Input data:
* * *
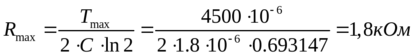 Рассмотрим ограничения , накладываемые на внешние R, C компоненты. Rmin снизу ограничивается максимально допустимым током базы транзистора VT1. В технических условиях указано Rmin=1.4кОм, что соответствует току базы транзистора VT1 равному приблизительно 2.7мА. Rmax сверху ограничивается требованием обеспечения насыщенного режима транзистора VT1. В технических условиях указано, что Rmax=30кОм. Емкость конденсатора С должна быть меньше или равна 1000мкФ, причём допускается применение электролитических конденсаторов.
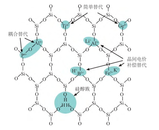 石英矿物晶格杂质元素类质同象分布示意国/span>
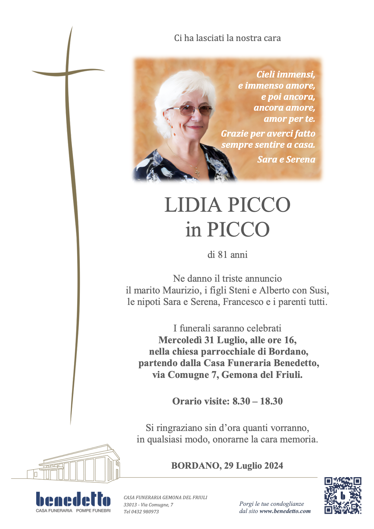 Lascia gratuitamente un messaggio di cordoglio, sarà nostra cura consegnarlo ai congiunti di LIDIA PICCO.
* * *
What to do: The data must be printed exactly, image-free.

Response area:
 Рассмотрим ограничения , накладываемые на внешние R, C компоненты. Rmin снизу ограничивается максимально допустимым током базы транзистора VT1. В технических условиях указано Rmin=1.4кОм, что соответствует току базы транзистора VT1 равному приблизительно 2.7мА. Rmax сверху ограничивается требованием обеспечения насыщенного режима транзистора VT1. В технических условиях указано, что Rmax=30кОм. Емкость конденсатора С должна быть меньше или равна 1000мкФ, причём допускается применение электролитических конденсаторов.
 石英矿物晶格杂质元素类质同象分布示意国/span>
 Lascia gratuitamente un messaggio di cordoglio, sarà nostra cura consegnarlo ai congiunti di LIDIA PICCO.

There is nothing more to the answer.